[英]Insert space between specific characters but not if followed by specific characters regex
Using python regex, I wish to insert a space between alpha characters and numerals (alpha will always preceed numeral), but not between (numerals and hyphens) or between (numerals and underscores). 我希望使用python regex在Alpha字符和数字之间插入一个空格(Alpha始终以数字开头),但不要在(数字和连字符)之间(在数字和下划线之间)插入空格。
Ideally, I'd like it to replace all such examples on the line (see the 3rd sample string, below) , but even just doing the first one is great. 理想情况下,我希望它替换行上的所有此类示例(请参见下面的第三个示例字符串) ,但是即使仅执行第一个示例也很棒。
I've gotten this far: 我已经走了这么远:
import re
item = "Bob Ro1-1 Fred"
txt = re.sub(r"(.*)(\d)", r"\1 \2", item)

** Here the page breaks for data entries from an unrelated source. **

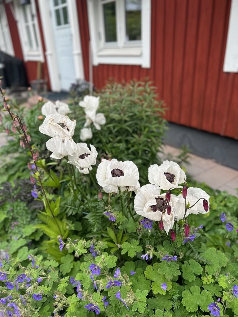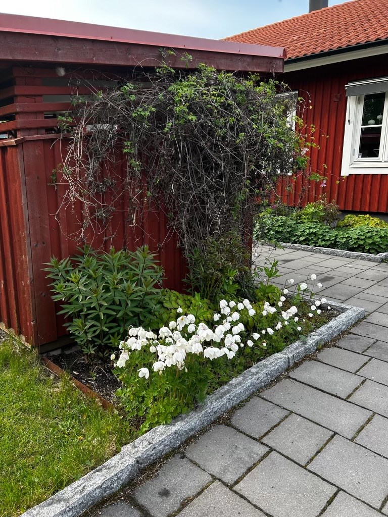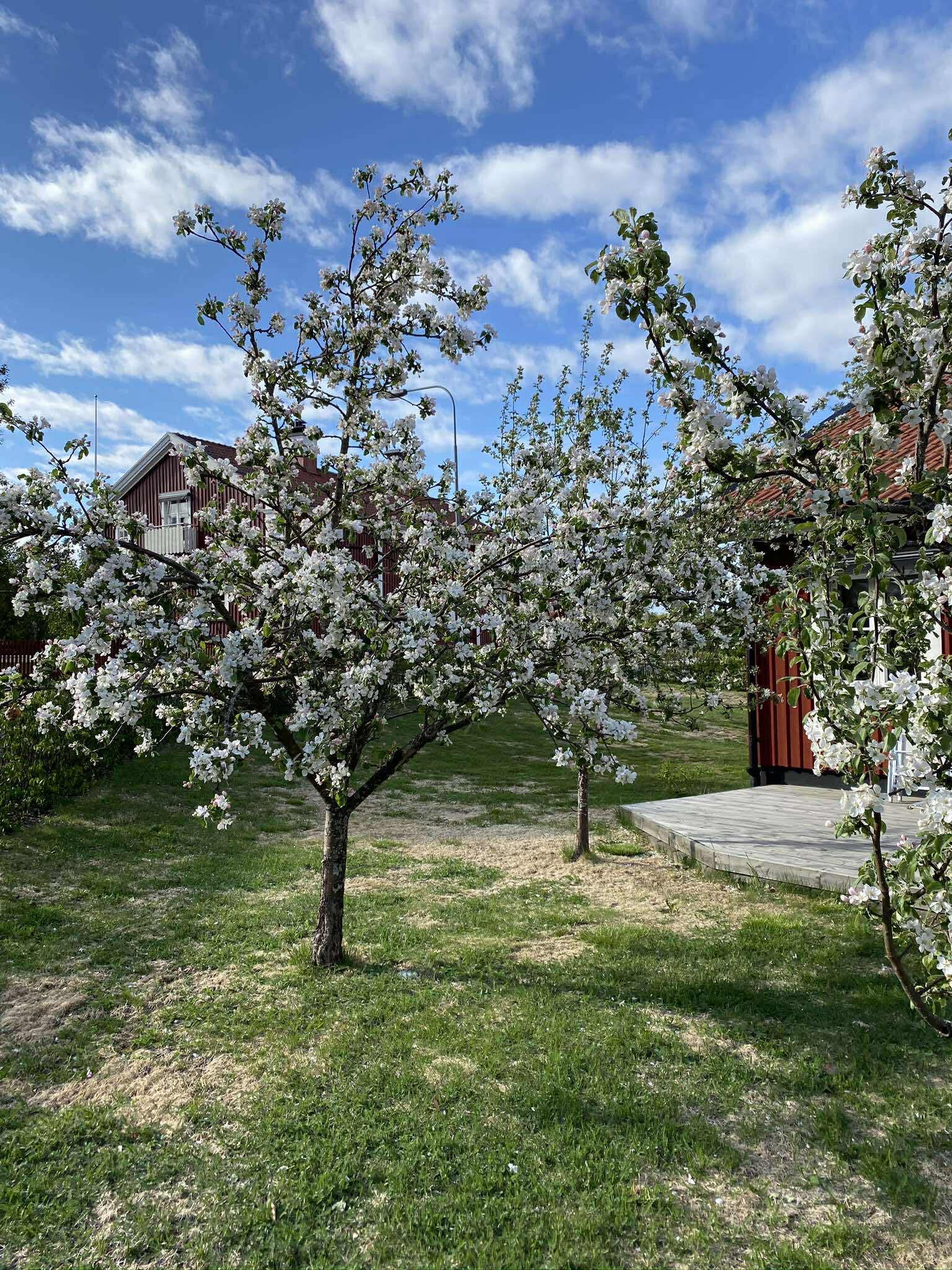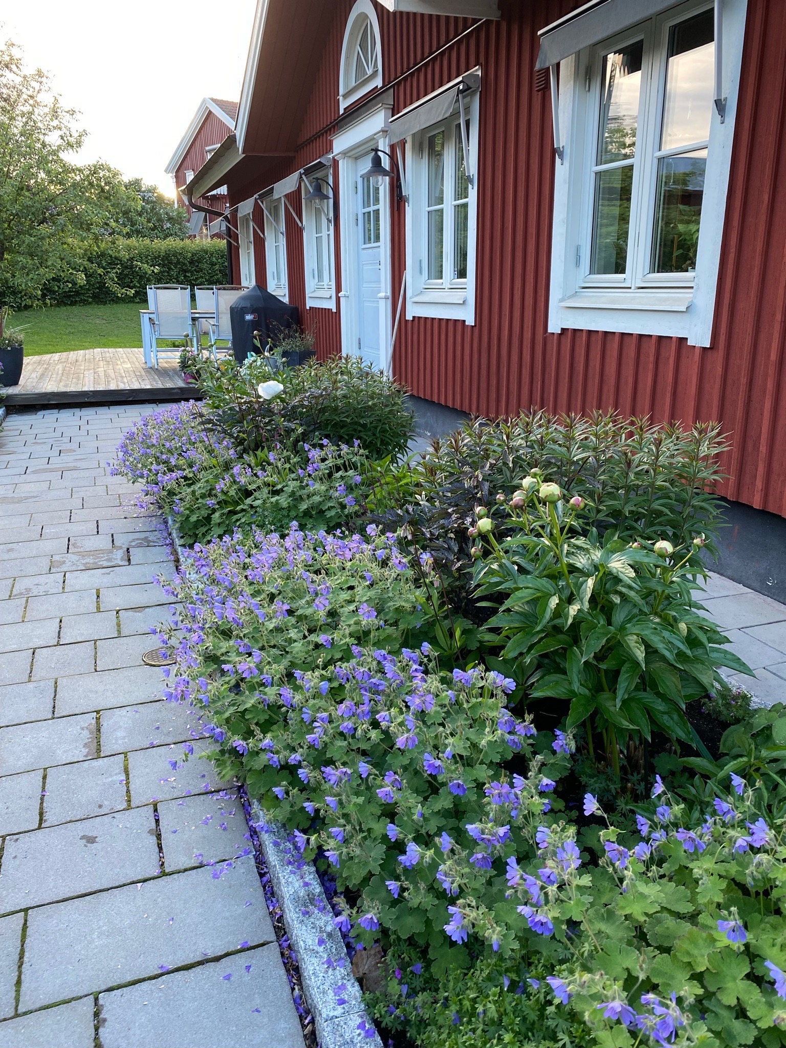 Uppvuxen trädgård med gräsmatta, perennrabatter, äppelträd, röda vinbär, jordgubbsland, rabarber, kryddträdgård och flaggstång. En fin utemiljö som formligen badar i sol, tomten omgärdas av en tät häggmispelhäck.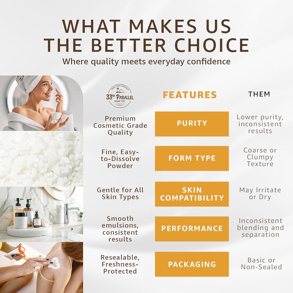 MULTIFUNCTIONAL: Acts as an emulsifier, thickener, and stabilizer—perfect for creams, lotions, soaps, and conditioners that need smooth, consistent texture and performance.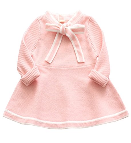 YY-Natuhi ベビー服 子供服 女の子 ワンピース ニット セーター キッズ ドレス 新生児 ボディースーツ ベビー 長袖 赤ちゃん 入学式 出産祝い 七五三 リボン ベビースーツ (70cm, 1ピンク)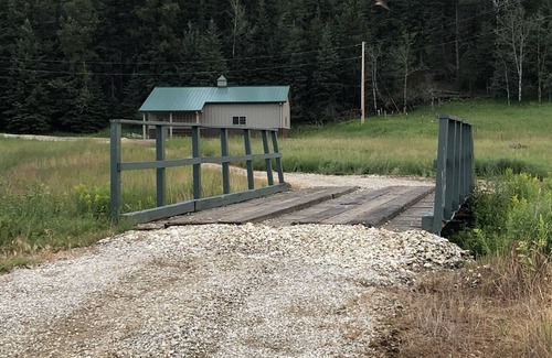 The cabin sets on 20 acres and has a beautiful view of Rapid Creek and the meadow surrounding it. It is tucked up on the hillside for privacy. It is a two story cabin with 2 bedrooms with queen beds and a loft with 2 twin beds. The couches on the upstairs and main floors are both pull out sleeper sofas.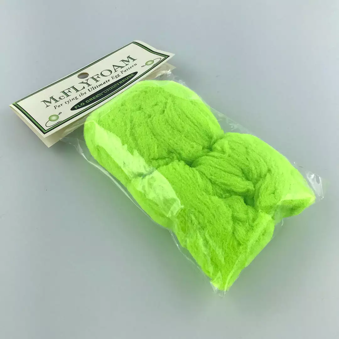 McFly Foam is a strong, stretchy, continuous filament yarn which is dyed using colorfast dyes that prevent it from fading. Use it to tie eggs, glo bugs, and sculpted patterns like sculpins, crab patterns, and woolhead flies. McFly Foam is widely regarded as the best yarn for creating perfectly round eggs and is very easy to work with and blend. If you’re looking for the best fly tying material to tie beautiful egg patterns with efficiency and ease, look no further. This stuff flat out catches fish and is available 49 beautiful colors!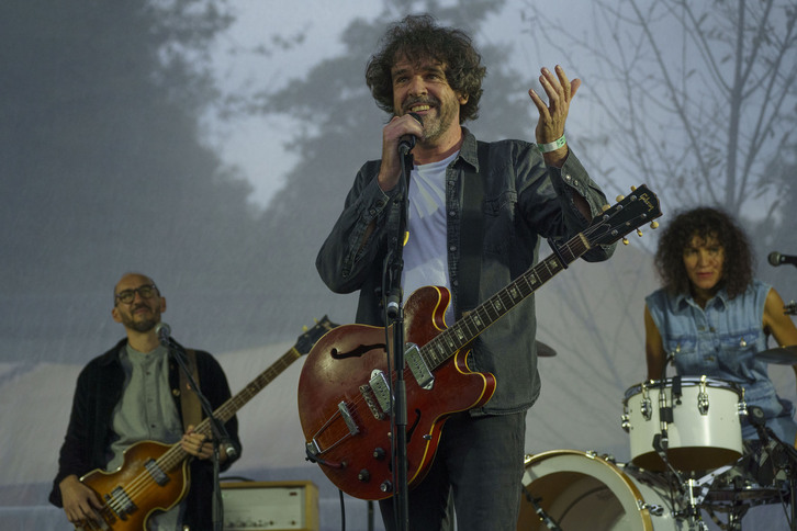 Con un exquisito quinteto que ofició en perfecta conjunción, y pleno de ánimo, voz y habilidades guitarreras, el creador navarro rubricó un entrañable recital compartido en plena complicidad con la amplia audiencia de los jardines chillidianos.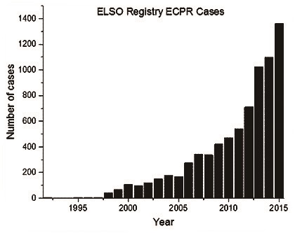 体外生命支持协会(Extracorporeal Life Support Organization, ELSO)长期登记其会员单位的体外生命支持(extracorporeal life support, ECLS)的病例报道信息。随着技术的进步,ECPR的实施越来越简便易行,病例数量也逐步增多。近20余年,每年登记在ELSO的ECPR病例数量呈现显著上升趋势,如图 1所示[5]。由于加入协会是自愿的,该报道显然未能涵盖全部ECPR病例数量。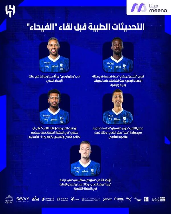 ويستعد الهلال لمواجهة الفيحاء في لقاء يسعى خلاله لتعزيز صدارته في الدوري، وسط محاولات الجهاز الطبي لاستعادة لاعبيه المصابين في أقرب وقت ممكن.
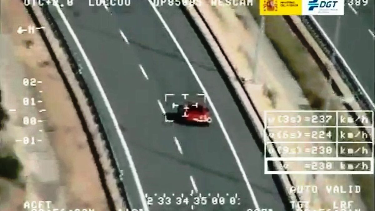 Uno de los helicópteros de la Dirección General de Tráfico (DGT) ha registrado la mayor infracción de velocidad captada por este medio: un automóvil circulando a 242 km/h por la A40 a su paso por el término municipal de Ocaña (Toledo). El hecho de produjo el pasado día 25 de este mes a las 17:51 horas y el conductor de un Porsche 911 GT3 RS, con matrícula estadounidense, fue detenido por la Guardia Civil, tras recibir el alto desde el helicóptero, y puesto a disposición judicial por un delito contra la seguridad vial. Se enfrenta a una multa de 600 euros, además de entre tres y seis meses de prisión en función de sus antecedentes.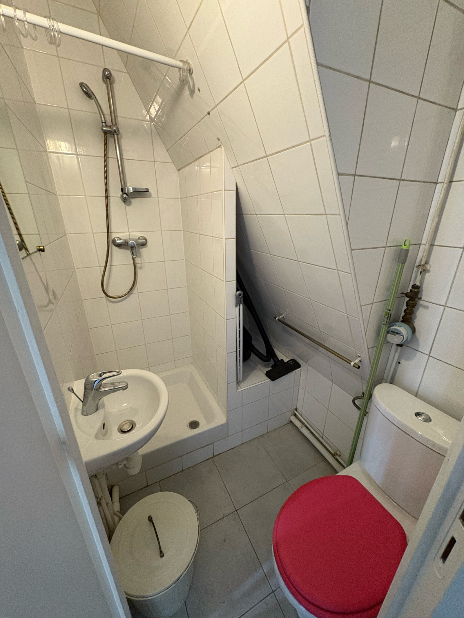 Situé au 8eme et dernier étage, accessible par ascenseur, ce studio offre une salle de douche avec vrai WC et un espace de vie avec kitchenette.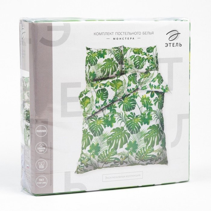 Постельное бельё «Этель» 1,5 сп., Монстера, размер 143×215 см, 150×214 см, 70×70 см — 2 шт

print(txt) #prints Bob Ro1 -1 Fred (DESIRED WOULD BE Bob Ro 1-1 Fred)
I've tried sticking a ?
我试过贴
?
in various places to ungreedify the search, but haven't yet found the magic. 在各个地方进行搜索,但是还没有找到魔术。
Sample strings:
Original ==> Desired output
示例字符串:
Original ==> Desired output
1. "Bob Ro1 Sam cl3"==>
"Bob Ro 1 Sam cl 3"1.“ Bob Ro1 Sam cl3”
==>
“ Bob Ro 1 Sam cl 3”
2. "Some Guy ro1-1 Sam"==>
"Some Guy ro 1-1 Sam"2.“ Some Guy ro1-1 Sam”
==>
“ Some Guy ro1-1 Sam”
3. "ribbet ribbit ro3_2 bob wow cl1-3"==>
"ribbit ribbit ro 3_2 bow wow cl 1-3"3.“ ribrib ribbit ro3_2 bob wow cl1-3”
==>
“ ribbit ribbit ro 3_2 bow wow cl1-3”
You may use 您可以使用
re.sub(r'([^\W\d_])(\d)', r'\1 \2', s)
See the regex demo 见正则表达式演示
A variation using lookarounds: 使用环视方法的一种变体 :
re.sub(r'(?<=[^\W\d_])(?=\d)', ' ', s)
The ([^\\W\\d_])(\\d)
regex matches and captures into Group 1 any single letter and into Group 2 the next digit. ([^\\W\\d_])(\\d)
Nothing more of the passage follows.